From the records below, output exactly the lines running from the line containing "前向右、向前平绕,使棍身随着转体动作在头上平转一周半(图 64) o" through the line containing "クリスマス食としてハンバーグを皆さんでこねこねとして頂きました(⌒∇⌒)", and no others.

====================

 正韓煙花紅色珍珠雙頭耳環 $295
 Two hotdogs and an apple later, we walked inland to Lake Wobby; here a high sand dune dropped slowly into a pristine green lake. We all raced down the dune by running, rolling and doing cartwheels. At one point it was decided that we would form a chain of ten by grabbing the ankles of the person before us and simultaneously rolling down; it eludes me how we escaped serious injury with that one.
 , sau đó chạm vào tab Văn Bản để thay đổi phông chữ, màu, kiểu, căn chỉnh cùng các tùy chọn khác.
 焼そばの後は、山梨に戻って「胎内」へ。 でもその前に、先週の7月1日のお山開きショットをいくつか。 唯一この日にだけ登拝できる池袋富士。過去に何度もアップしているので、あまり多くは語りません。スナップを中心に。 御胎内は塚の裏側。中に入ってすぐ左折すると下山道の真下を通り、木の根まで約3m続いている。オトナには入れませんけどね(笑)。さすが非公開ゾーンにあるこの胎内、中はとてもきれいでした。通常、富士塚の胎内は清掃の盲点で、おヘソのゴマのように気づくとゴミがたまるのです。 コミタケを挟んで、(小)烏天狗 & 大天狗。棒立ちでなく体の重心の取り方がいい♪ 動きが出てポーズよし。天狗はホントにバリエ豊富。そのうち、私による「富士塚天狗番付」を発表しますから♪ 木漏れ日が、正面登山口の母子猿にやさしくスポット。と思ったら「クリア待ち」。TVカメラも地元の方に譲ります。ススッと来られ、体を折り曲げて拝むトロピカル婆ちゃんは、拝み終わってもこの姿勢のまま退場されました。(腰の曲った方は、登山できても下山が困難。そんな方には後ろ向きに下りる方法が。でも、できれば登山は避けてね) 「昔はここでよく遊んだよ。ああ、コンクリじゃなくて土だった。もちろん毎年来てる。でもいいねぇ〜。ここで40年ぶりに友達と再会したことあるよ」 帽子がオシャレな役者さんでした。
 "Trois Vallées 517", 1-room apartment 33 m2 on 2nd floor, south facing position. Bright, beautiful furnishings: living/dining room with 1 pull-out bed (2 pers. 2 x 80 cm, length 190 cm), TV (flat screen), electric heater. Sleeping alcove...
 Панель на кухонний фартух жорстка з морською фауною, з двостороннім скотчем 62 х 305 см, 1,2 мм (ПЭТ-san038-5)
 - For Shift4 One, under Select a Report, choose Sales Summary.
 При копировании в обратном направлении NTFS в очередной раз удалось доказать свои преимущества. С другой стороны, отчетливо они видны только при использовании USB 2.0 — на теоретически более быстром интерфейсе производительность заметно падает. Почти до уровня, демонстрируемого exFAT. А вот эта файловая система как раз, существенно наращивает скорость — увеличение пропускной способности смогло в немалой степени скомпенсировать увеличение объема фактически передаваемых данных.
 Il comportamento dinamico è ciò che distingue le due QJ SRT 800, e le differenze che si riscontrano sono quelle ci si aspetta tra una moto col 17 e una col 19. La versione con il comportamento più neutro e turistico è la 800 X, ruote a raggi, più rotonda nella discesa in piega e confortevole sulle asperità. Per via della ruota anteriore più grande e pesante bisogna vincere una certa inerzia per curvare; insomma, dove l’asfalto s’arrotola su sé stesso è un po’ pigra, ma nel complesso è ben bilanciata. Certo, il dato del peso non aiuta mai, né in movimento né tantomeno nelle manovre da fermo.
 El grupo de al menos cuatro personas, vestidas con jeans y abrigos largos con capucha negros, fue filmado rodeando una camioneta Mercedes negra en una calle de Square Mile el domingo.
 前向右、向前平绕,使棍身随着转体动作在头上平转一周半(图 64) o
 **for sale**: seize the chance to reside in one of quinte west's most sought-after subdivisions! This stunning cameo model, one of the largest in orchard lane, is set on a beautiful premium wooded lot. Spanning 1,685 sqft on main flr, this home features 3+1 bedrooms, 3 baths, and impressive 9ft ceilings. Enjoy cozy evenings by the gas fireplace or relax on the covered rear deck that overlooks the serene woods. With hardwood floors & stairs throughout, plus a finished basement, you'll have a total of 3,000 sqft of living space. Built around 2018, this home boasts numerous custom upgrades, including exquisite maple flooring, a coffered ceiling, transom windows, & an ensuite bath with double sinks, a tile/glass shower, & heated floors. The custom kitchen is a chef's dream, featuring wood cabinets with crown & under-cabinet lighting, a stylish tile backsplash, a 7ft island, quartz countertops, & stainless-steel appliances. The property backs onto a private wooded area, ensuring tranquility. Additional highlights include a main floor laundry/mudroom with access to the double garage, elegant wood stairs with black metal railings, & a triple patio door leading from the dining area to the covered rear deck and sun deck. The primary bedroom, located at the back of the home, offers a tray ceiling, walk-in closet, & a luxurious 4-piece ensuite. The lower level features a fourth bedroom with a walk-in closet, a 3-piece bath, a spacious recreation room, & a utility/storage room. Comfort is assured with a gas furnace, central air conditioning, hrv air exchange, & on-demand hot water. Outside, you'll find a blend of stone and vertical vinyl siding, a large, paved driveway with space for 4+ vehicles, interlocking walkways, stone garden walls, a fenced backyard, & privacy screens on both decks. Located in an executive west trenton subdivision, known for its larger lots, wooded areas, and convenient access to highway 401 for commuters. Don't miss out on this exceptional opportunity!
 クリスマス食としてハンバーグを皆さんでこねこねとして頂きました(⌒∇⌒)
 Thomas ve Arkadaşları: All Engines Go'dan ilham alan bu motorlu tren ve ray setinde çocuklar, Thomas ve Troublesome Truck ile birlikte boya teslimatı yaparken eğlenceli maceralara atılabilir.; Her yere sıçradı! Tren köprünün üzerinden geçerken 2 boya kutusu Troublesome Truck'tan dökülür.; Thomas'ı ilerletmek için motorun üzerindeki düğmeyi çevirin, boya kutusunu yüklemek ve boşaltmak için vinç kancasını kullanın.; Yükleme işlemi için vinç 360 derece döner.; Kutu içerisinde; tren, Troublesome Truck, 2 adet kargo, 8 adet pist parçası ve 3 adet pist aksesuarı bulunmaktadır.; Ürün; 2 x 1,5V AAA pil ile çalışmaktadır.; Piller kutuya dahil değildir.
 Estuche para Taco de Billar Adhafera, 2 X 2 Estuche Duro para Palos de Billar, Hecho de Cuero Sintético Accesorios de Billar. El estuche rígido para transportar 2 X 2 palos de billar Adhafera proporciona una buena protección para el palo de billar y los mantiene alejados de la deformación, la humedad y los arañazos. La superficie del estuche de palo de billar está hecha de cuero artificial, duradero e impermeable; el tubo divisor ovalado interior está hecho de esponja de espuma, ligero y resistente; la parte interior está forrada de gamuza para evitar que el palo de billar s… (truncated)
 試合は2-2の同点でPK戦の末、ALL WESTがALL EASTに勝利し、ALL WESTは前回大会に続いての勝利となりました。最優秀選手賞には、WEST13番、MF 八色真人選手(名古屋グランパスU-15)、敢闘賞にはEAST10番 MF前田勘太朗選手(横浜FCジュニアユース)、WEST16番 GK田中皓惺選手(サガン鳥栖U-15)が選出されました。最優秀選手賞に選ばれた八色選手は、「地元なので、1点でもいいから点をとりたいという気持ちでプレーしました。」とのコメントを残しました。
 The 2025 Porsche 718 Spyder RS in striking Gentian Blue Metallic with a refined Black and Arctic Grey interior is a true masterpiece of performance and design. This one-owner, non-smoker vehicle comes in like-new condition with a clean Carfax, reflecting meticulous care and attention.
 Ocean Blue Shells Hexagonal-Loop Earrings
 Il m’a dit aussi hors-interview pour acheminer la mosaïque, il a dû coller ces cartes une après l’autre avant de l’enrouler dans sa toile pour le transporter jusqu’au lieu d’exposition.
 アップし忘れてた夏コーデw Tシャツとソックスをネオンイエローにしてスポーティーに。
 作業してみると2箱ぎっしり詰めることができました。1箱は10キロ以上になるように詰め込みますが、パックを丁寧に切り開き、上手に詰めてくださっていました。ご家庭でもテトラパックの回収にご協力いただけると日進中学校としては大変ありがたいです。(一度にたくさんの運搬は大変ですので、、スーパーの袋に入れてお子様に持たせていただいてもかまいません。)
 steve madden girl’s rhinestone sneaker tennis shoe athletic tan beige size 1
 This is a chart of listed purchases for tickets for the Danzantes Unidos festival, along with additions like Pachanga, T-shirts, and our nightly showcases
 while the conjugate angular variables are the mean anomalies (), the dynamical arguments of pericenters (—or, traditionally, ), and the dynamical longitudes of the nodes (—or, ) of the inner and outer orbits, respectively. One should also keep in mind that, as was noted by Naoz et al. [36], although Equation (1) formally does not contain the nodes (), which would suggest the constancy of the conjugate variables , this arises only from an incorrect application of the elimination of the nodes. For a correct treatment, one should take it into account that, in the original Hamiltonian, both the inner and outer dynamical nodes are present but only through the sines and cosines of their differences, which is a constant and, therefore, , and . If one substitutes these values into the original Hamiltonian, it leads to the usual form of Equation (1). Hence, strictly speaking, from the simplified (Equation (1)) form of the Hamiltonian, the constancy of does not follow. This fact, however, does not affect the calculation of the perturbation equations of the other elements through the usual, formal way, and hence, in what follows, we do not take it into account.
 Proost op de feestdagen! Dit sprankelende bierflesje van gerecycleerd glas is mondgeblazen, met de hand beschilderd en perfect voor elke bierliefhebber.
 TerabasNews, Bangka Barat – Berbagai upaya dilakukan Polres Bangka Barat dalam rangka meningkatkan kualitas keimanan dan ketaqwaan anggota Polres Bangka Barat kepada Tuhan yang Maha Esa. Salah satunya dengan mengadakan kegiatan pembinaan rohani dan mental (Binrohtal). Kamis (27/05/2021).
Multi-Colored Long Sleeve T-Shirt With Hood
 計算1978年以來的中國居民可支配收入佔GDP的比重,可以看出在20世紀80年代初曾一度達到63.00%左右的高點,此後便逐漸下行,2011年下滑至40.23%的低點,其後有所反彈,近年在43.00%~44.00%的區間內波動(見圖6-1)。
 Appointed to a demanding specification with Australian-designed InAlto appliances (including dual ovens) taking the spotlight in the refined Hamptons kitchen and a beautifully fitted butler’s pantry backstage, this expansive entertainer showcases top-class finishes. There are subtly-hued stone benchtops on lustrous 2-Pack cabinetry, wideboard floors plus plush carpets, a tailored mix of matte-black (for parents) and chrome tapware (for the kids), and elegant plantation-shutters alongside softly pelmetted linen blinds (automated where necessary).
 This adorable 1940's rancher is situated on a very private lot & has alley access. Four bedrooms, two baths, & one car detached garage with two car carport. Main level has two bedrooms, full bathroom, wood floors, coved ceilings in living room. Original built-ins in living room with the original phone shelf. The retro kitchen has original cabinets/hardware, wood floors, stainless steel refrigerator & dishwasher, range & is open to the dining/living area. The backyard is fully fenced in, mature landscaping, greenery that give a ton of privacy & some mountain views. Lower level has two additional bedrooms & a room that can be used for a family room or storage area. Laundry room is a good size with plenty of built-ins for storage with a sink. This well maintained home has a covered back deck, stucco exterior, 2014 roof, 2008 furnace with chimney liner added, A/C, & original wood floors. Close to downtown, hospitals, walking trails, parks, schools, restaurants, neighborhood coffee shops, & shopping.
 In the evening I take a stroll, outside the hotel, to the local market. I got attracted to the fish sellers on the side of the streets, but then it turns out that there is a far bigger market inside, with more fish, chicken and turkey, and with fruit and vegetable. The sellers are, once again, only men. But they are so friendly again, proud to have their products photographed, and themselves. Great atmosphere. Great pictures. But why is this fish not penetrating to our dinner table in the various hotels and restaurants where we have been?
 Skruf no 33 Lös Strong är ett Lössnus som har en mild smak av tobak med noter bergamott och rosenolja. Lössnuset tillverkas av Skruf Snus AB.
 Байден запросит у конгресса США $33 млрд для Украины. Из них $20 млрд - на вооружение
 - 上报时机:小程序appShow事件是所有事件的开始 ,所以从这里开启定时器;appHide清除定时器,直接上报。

====================

# [Solution to this exercise]
 前向右、向前平绕,使棍身随着转体动作在头上平转一周半(图 64) o
 **for sale**: seize the chance to reside in one of quinte west's most sought-after subdivisions! This stunning cameo model, one of the largest in orchard lane, is set on a beautiful premium wooded lot. Spanning 1,685 sqft on main flr, this home features 3+1 bedrooms, 3 baths, and impressive 9ft ceilings. Enjoy cozy evenings by the gas fireplace or relax on the covered rear deck that overlooks the serene woods. With hardwood floors & stairs throughout, plus a finished basement, you'll have a total of 3,000 sqft of living space. Built around 2018, this home boasts numerous custom upgrades, including exquisite maple flooring, a coffered ceiling, transom windows, & an ensuite bath with double sinks, a tile/glass shower, & heated floors. The custom kitchen is a chef's dream, featuring wood cabinets with crown & under-cabinet lighting, a stylish tile backsplash, a 7ft island, quartz countertops, & stainless-steel appliances. The property backs onto a private wooded area, ensuring tranquility. Additional highlights include a main floor laundry/mudroom with access to the double garage, elegant wood stairs with black metal railings, & a triple patio door leading from the dining area to the covered rear deck and sun deck. The primary bedroom, located at the back of the home, offers a tray ceiling, walk-in closet, & a luxurious 4-piece ensuite. The lower level features a fourth bedroom with a walk-in closet, a 3-piece bath, a spacious recreation room, & a utility/storage room. Comfort is assured with a gas furnace, central air conditioning, hrv air exchange, & on-demand hot water. Outside, you'll find a blend of stone and vertical vinyl siding, a large, paved driveway with space for 4+ vehicles, interlocking walkways, stone garden walls, a fenced backyard, & privacy screens on both decks. Located in an executive west trenton subdivision, known for its larger lots, wooded areas, and convenient access to highway 401 for commuters. Don't miss out on this exceptional opportunity!
 クリスマス食としてハンバーグを皆さんでこねこねとして頂きました(⌒∇⌒)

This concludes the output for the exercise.